Spent the last weekend attending an interesting seminar organized by MICA , on the birth of Hinglish and death of English - aptly called 'Chutnefying English' .
Purists and practitioners were at loggerheads trying to take sides while trying to sound very meaningful . Mahesh Bhatt very uncharacteristically read out two full pages of a thesis on how statistically now more people speak hinglish than english ( pulling a 350 mn number out of his hat ) and how earlier in films it was only villians and comedians who spoke hinglish but now it has degenerated hindi itself . Mehmoods' lines 'Bahaar ki chokri kitna advance hai' or the song 'mera joota hai japani , patloon inglistani' were the earliest hinglish renditions and most villians were 'Peter ' , 'Mona' or 'Michael' - taking off on colonial times . Its only when Bhatt took off in extempore citing his rich experiences as a filmmaker that the debate gained heat . He wondered why we learnt 'Jack and Jill ' or 'Little Miss Muffet' when there was a huge repository of urdu and hindi literature and why kids don't like parents who still don't know english . His point being 'mother tongue ' helped one connect to ones own self - something he repeated ad nauseam.
Rupert Snell , the Hindi and Braj teacher from the University of Texas , Austin was terrific . He hilariously introduced Bhatt , kept the sunday audience in splits with his chaste hindi and tackled with dry humor all the muck people slung at 'oh those brits'. Shannon Finch , the gritty anthropology student ( while protesting vehemently on why Gurcharan Das didn't give her the time he committed ) gave an interesting insight on why people repeat sentences in hindi and english for effect - a phenomenon she called Bilingual Repitition with some very good examples - recorded from students she gave recorders to capture their usage -
A teacher instructing a class followed the ask 'Kitab khol deejiye' with 'Please open your books' . In a random conversation , ' Aadha saal khatam ho gaya' was followed by 'Half the year is gone' by a student . And how what she called code switching - mixing multilingual words - added to empathic stress . To illustrate she played out a recording from her research : Suddenly , we were talking about India aur achanak usne subject change kar diya .( 'Suddenly' and 'achanak' being similar words with the hindi version adding to dramatic effect )
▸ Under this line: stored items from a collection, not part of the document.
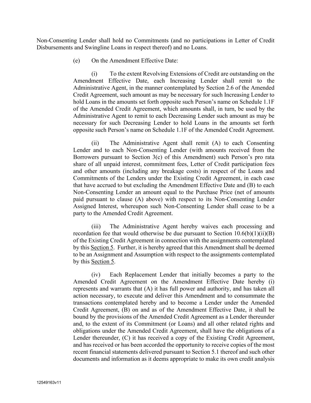 12549163v11 Non-Consenting Lender shall hold no Commitments (and no participations in Letter of Credit Disbursements and Swingline Loans in respect thereof) and no Loans. (e) On the Amendment Effective Date: (i) To the extent Revolving Extensions of Credit are outstanding on the Amendment Effective Date, each Increasing Lender shall remit to the Administrative Agent, in the manner contemplated by Section 2.6 of the Amended Credit Agreement, such amount as may be necessary for such Increasing Lender to hold Loans in the amounts set forth opposite such Person’s name on Schedule 1.1F of the Amended Credit Agreement, which amounts shall, in turn, be used by the Administrative Agent to remit to each Decreasing Lender such amount as may be necessary for such Decreasing Lender to hold Loans in the amounts set forth opposite such Person’s name on Schedule 1.1F of the Amended Credit Agreement. (ii) The Administrative Agent shall remit (A) to each Consenting Lender and to each Non-Consenting Lender (with amounts received from the Borrowers pursuant to Section 3(c) of this Amendment) such Person’s pro rata share of all unpaid interest, commitment fees, Letter of Credit participation fees and other amounts (including any breakage costs) in respect of the Loans and Commitments of the Lenders under the Existing Credit Agreement, in each case that have accrued to but excluding the Amendment Effective Date and (B) to each Non-Consenting Lender an amount equal to the Purchase Price (net of amounts paid pursuant to clause (A) above) with respect to its Non-Consenting Lender Assigned Interest, whereupon such Non-Consenting Lender shall cease to be a party to the Amended Credit Agreement. (iii) The Administrative Agent hereby waives each processing and recordation fee that would otherwise be due pursuant to Section 10.6(b)(1)(ii)(B) of the Existing Credit Agreement in connection with the assignments contemplated by this Section 5. Further, it is hereby agreed that this Amendment shall be deemed to be an Assignment and Assumption with respect to the assignments contemplated by this Section 5. (iv) Each Replacement Lender that initially becomes a party to the Amended Credit Agreement on the Amendment Effective Date hereby (i) represents and warrants that (A) it has full power and authority, and has taken all action necessary, to execute and deliver this Amendment and to consummate the transactions contemplated hereby and to become a Lender under the Amended Credit Agreement, (B) on and as of the Amendment Effective Date, it shall be bound by the provisions of the Amended Credit Agreement as a Lender thereunder and, to the extent of its Commitment (or Loans) and all other related rights and obligations under the Amended Credit Agreement, shall have the obligations of a Lender thereunder, (C) it has received a copy of the Existing Credit Agreement, and has received or has been accorded the opportunity to receive copies of the most recent financial statements delivered pursuant to Section 5.1 thereof and such other documents and information as it deems appropriate to make its own credit analysis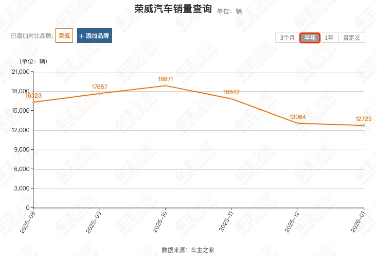 根据车主之家统计数据,荣威的销量在经历短暂的高位维持后开始掉头向下,2021年滑落至37万台,2022年更跌至28万台,到2024年,荣威全年销量已跌至14万台,较2018年的巅峰销量下滑70%。2025年略有回升至17万台,但与历史高点仍有巨大差距。最新数据显示,2026年1月单月销量已降至1.3万辆,市场份额不足1%。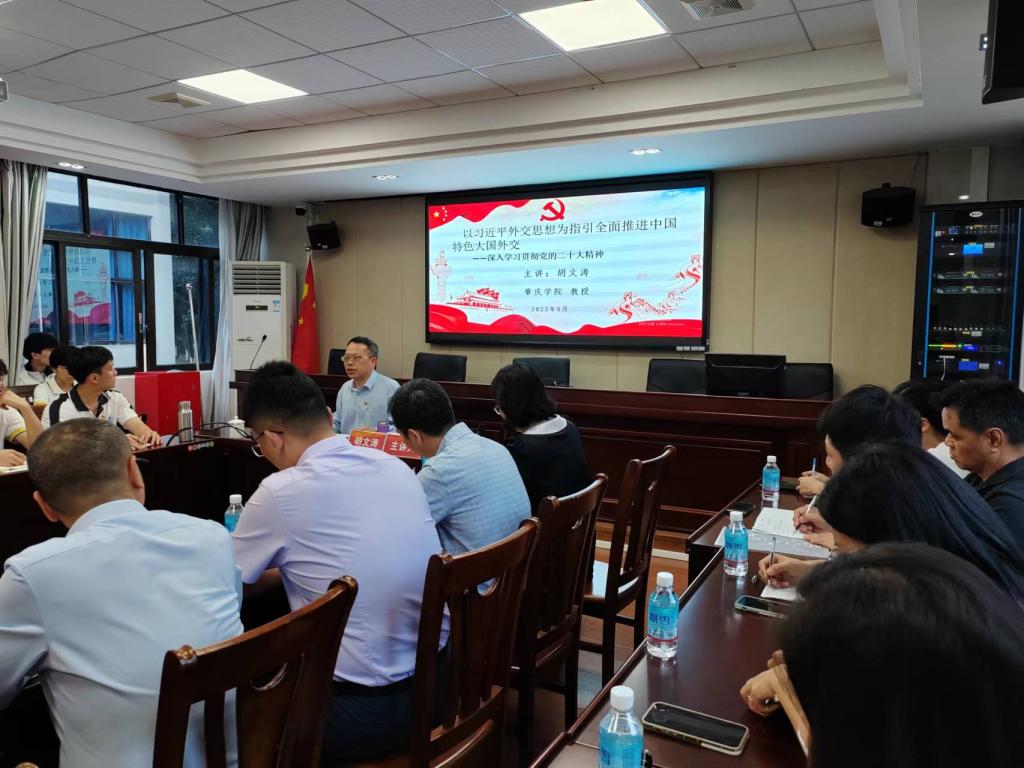 胡文涛介绍了党的二十大报告关于十年外交工作的总结,表示要以习近平外交思想为指导,努力开创中国特色大国外交新局面,为全面建设社会主义现代化国家营造良好的外部环境:一要深刻领悟习近平外交思想坚持独立自主,捍卫国际公平正义的使命意识;二要深刻领悟习近平外交思想引领外交工作的实践意义;三要深刻领悟习近平外交思想与时俱进、守正创新的理论品格;四要深刻领悟习近平外交思想坚持胸怀天下,推动构建人类命运共同体的世界意义。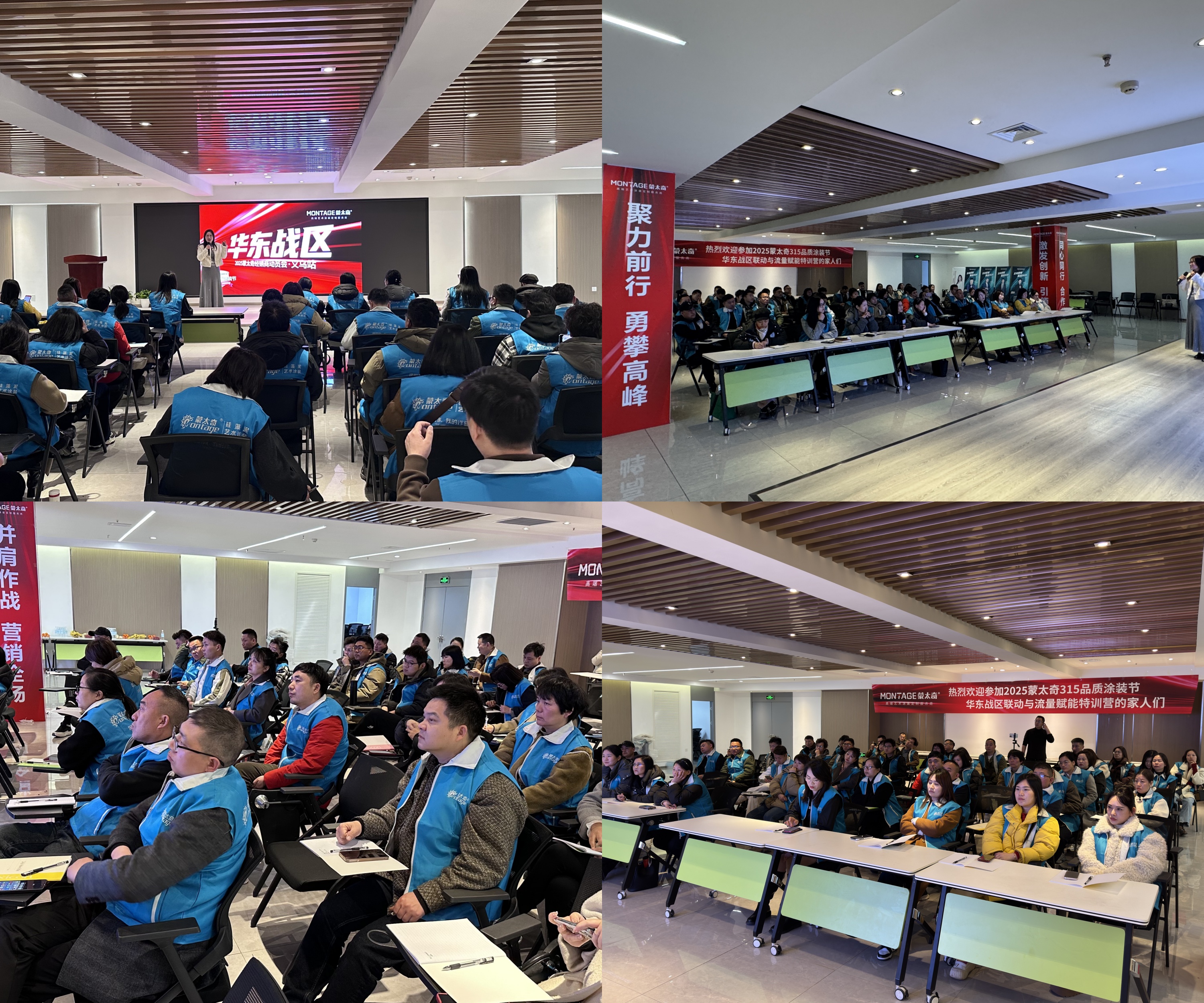 蒙太奇始終堅持“好產品、好色彩、好工藝、好服務”品牌服務理念,基于此,蒙太奇總部全面啟動“贏戰2025終端賦能”計劃。首站特訓營于3月3日至6日在華東戰區順利結營。此次特訓營為接下來的315華東戰區聯動活動做好沖刺準備,贏戰2025!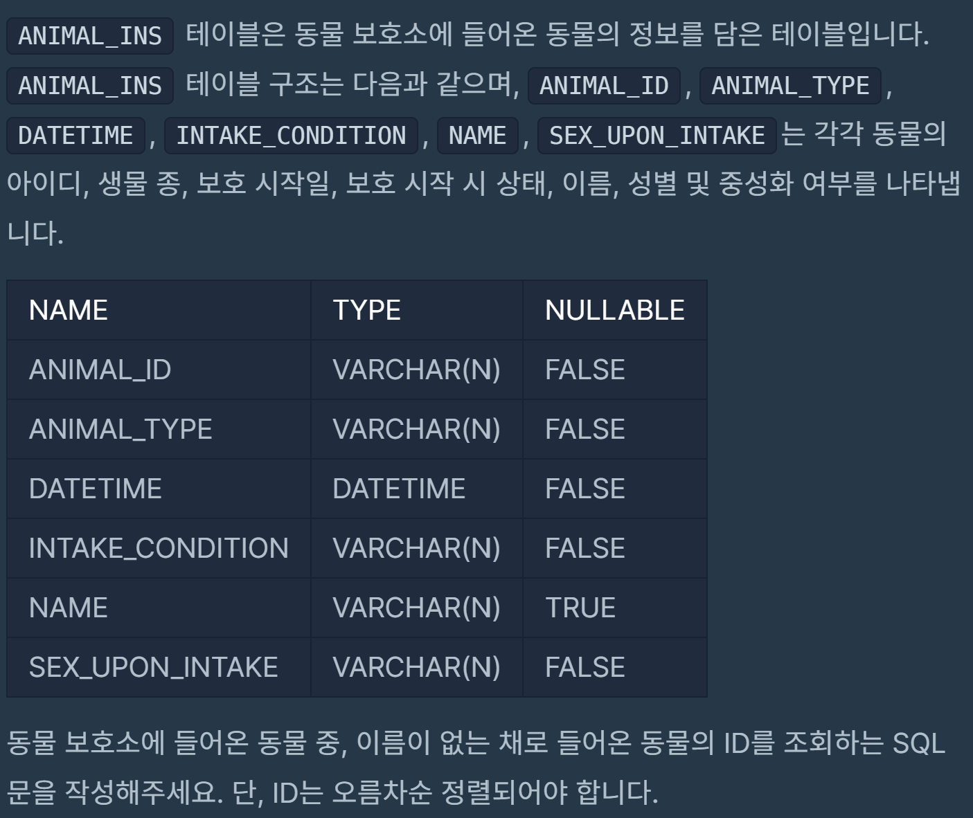 [mysql/oracle] 이름이 없는 동물의 아이디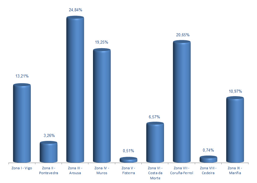 | Zona VI - Costa da Morte | 246 | 1.014.316 | 6,57% | 952.283 | 6,17% | 0,94 |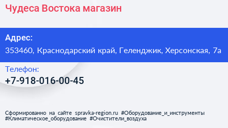 Чудеса Востока, магазин по адресу 353460, Краснодарский край, Геленджик, Херсонская, 7а в дальнейшем Организация, размещена в следующих категориях: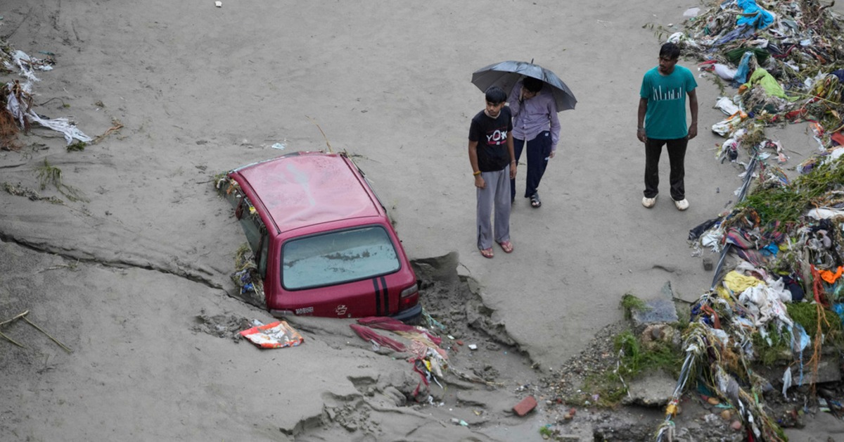 印度查謨的塔威河岸,洪水過後,人們站在一輛被泥巴困住的汽車旁。(圖/美聯社)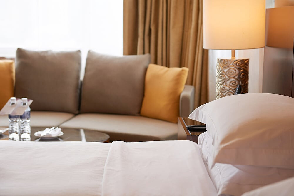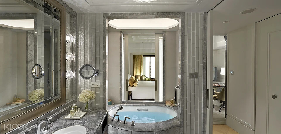 - 17坪大的豪華客房配有豪華浴室、法國頂級香氛品牌Diptyque沐浴備品、寬敞可容賓客進出的衣帽化妝間、480 針美國頂級Quivera棉質床單與鵝毛羽絨寢具 、高達六種不同的枕頭選單,讓入住的每位賓客都賓至如歸。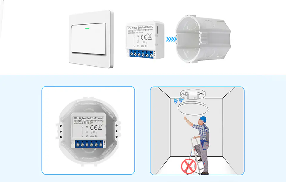 Dzięki kompaktowej konstrukcji model LZWSM16-W2 jest kompatybilny z różnymi rodzajami przełączników i pasuje do nawet 95% puszek instalacyjnych dostępnych na rynku. Możesz też przymocować go do lampy. Jego montaż nie sprawi Ci żadnego problemu i nie wymaga przewodu neutralnego. Co więcej, istnieje możliwość wykorzystania 2 przełączników do obsługi jednej lampy – takie rozwiązanie sprawdzi się na przykład w pobliżu schodów. Dzięki temu wygodnie zapalisz światło na parterze, a zgasisz je po wejściu na piętro!
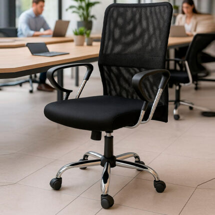 Silla Operativa Respaldar en malla con Tela Vertigo Asiento en malla con Tela Vertigo y espuma alta densidad Brazo Metálico cromado Poliuretano Curvatura Lumbar Mecanismo de Pistón de Altura Base Cromada & Rodin de Nylon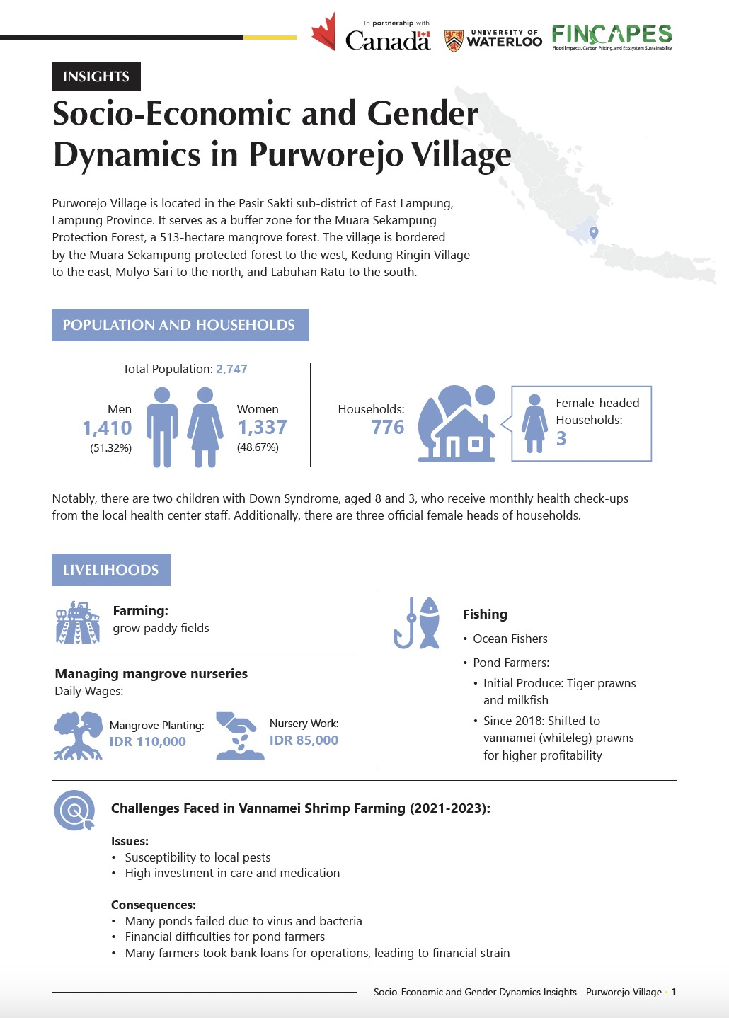 This publication delves into the socio-economic and gender dynamics of Purworejo Village, offering a comprehensive examination of the local landscape. It explores the village's geography, the primary livelihoods of its residents, and the structure of its social organization. By analyzing these elements, the publication provides insights into the interplay between socio-economic factors and gender roles within the community. It highlights how these dynamics shape everyday life in Purworejo Village, contributing to a deeper understanding of its social fabric and economic activities.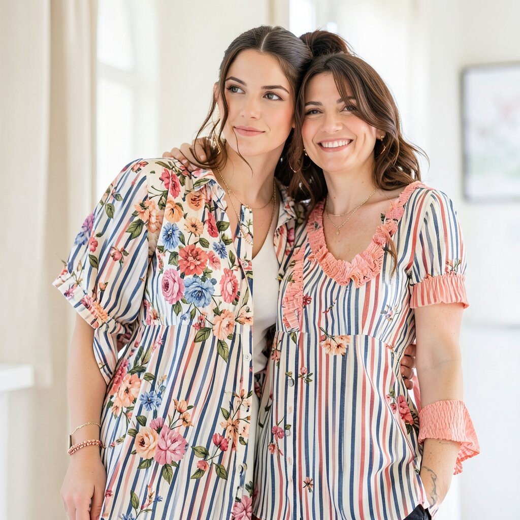 Floral patterns add a touch of nature and femininity, while stripes bring structure and modernity. Combine them in your wardrobe for a fresh, trendy look. Don’t be afraid to play with colors and sizes.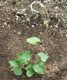 琉球朝顔は宿根で、種はできません。花は西洋朝顔のようにしぼんでしまうことなく1日中咲いているそうです。花の色は青ですが、午後には赤っぽくなるとか。ご近所でも2階の窓までこの琉球朝顔で覆われている家があります。今回も植えるとすぐにツルを伸ばし始め繁殖力は旺盛です。それを見越して充分間隔を開けました。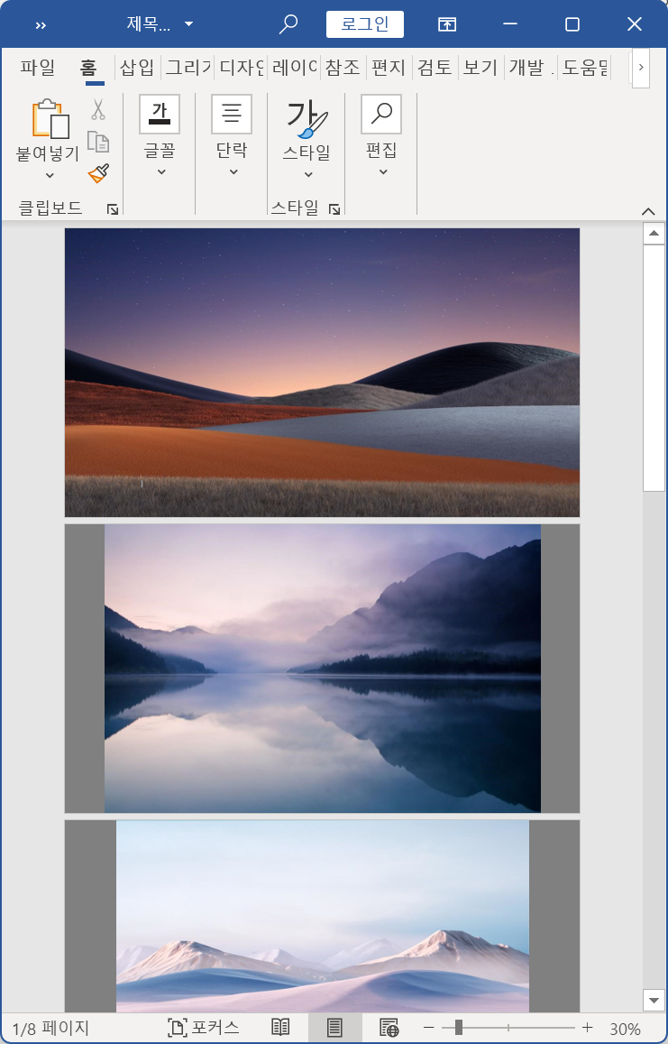 워드 문서의 1페이지마다 사진(또는 사진 설명 포함)을 하나씩 일괄로 삽입하는 방법입니다.
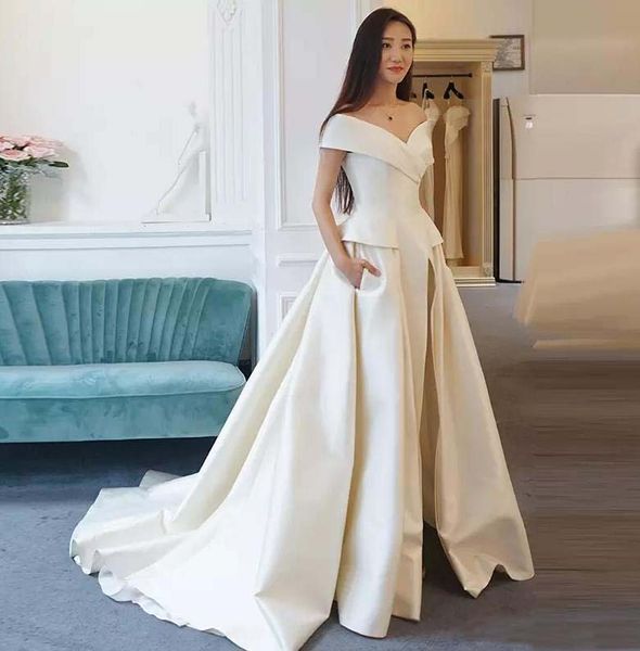 Simple Asian Designer Young Ladies Vestido De Fiesta Satin Evening Long Dress White Off Shoulder Sweep Train Elegant Prom Dress Plus Size Formal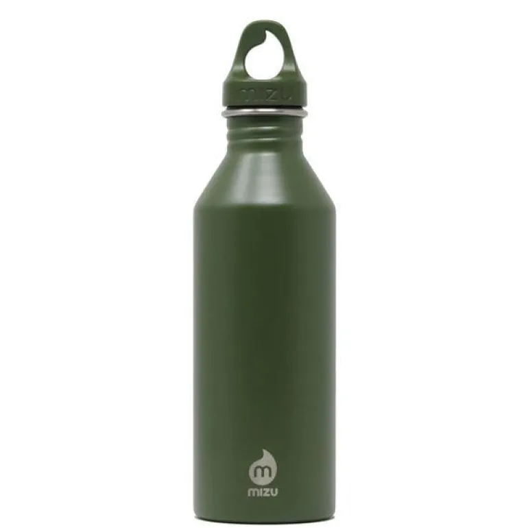 M8 drikkeflaske 75 cl grønn. Mizu, som betyr vann på japansk, er en stilfull og praktisk vannflaske laget i rustfritt stål. Flasken har en elegant dråpeformet kork laget av resirkulert plast, som understreker både funksjonalitet og bærekraft.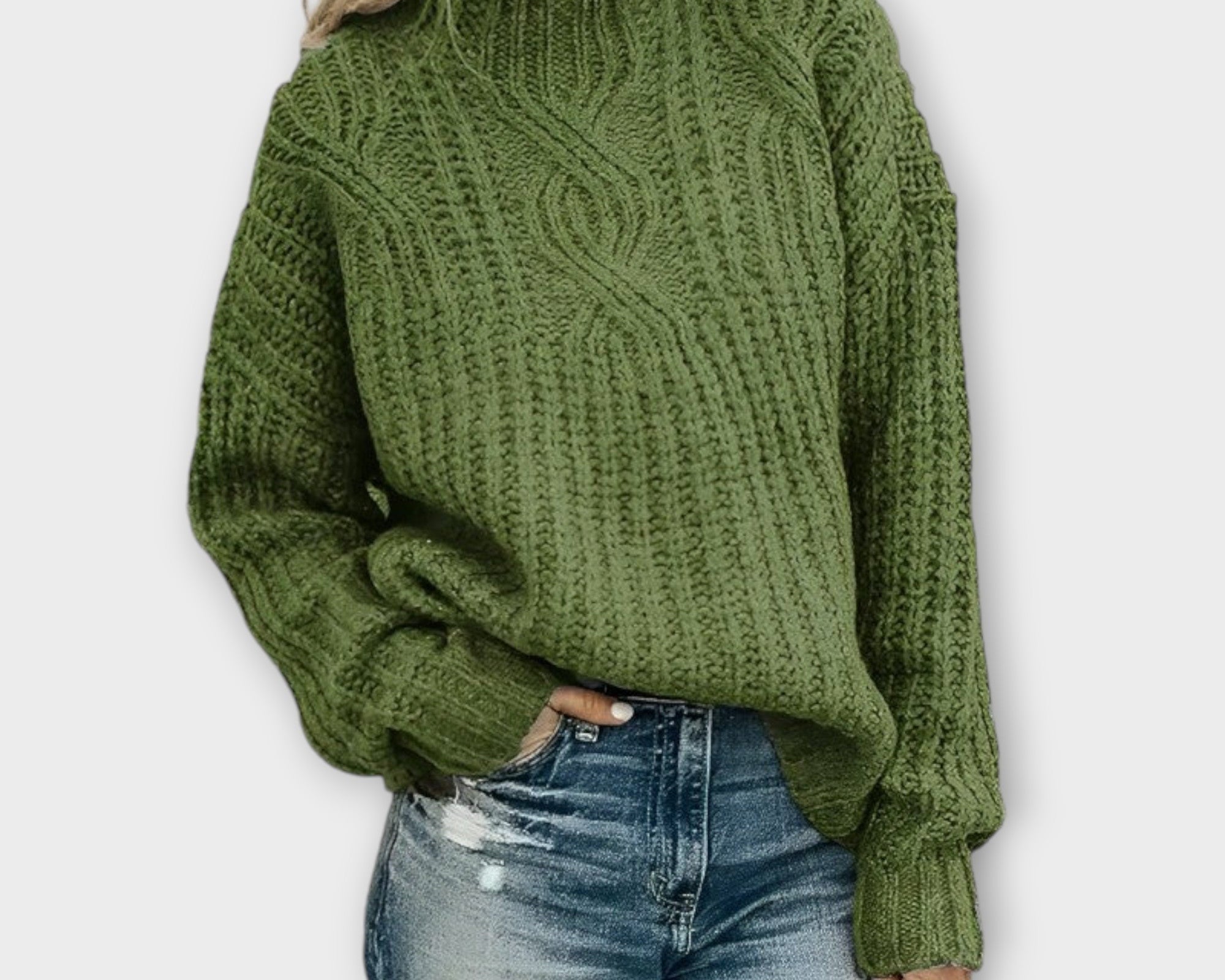 Christine - Luxusní olivově zelený pletený svetr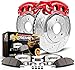 - Includes drilled & slotted rotors, Z36 Carbon-Fiber Ceramic Brake Pads, Red Powder Coated Calipers, Installation Hardware, and high-temperature ceramic brake lubricant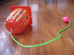 A los niños les suele encantar y podéis añadirle o restarle dificultad, según el largo del cordel, del tamaño del recipiente donde han de encanastar, tamaño de la bola…etc.

Also , as an example of code switching used to define which language the sentence came from she used an example ( sentences below ) - it seems that while the first sentence below has more english words than hindi , its still a hindi sentence while the second with fewer english words is an english sentence .
Daddy ki blue shirt table par hai
Film rajaas ki duniya is not worth ek single rupaiah
Someone also amplified boringly the science of mixing hindi verbs and english nouns and adjectives - gherao-ed , manao-ed , maska-fying etc. The other aspect of this debate was the commerce behind it all . The need to connect , felt Prasoon Joshi was far more important that the need to maintain purity . e.g Pepsi's Yeh Dil Maange More reflected youthfulness , aggression as in 'maange' , a movement away from the scarcity era with 'more' and Coke rebounded with 'Life Ho To Aisi ' another hinglish line . A movie like 'Jab we met ' also went on to rake in huge moolah due to its refreshing take on youthful romance . Another young bloke studied spanish usage in the US to conclude that there is nothing like Spanlish as purists rule that lingo - so much so that even TV broadcasters prefer pure spanish speakers without a word of english embedded in it .
Here's my take on the Hinglish affair - language is a means of communication . So it is sub-servient to a need - the need to communicate . It can't be a master - you need to learn it and speak in its pure form . Shakespeare added 30000 words to the english then , now new age technology has added many more words to it - did we have words like googled , flickrd , wifi , podcast , itune , wikipedia , second life , smsed ,email - so who is to say that Hindi can't add words of its own . If it helps millions reach out to others - a little twist , some nichod will maybe help english survive .
Code-mixing and bilingual repitition ki aisi ki taisi ,
Chill maro , mat karo bheja fry , piyo thoda cold lassi .
Kya english aur kya hindi , thoda punjabi mein jod do sindhi ,
Bani jo bhasha tod-marod , oose complete karo dictionary oxford !
2 comments:
By the way, I'm a PhD candidate in linguistics, not anthropology.
I'm not sure what you meant by "gritty" but I'm taking it as a compliment for standing up to Gurcharan Das.
Thanks for your re-cap of the conference and your own views on language and Hinglish. I'm really interested in what "regular folk", i.e. practioners, have to say about their own language usage.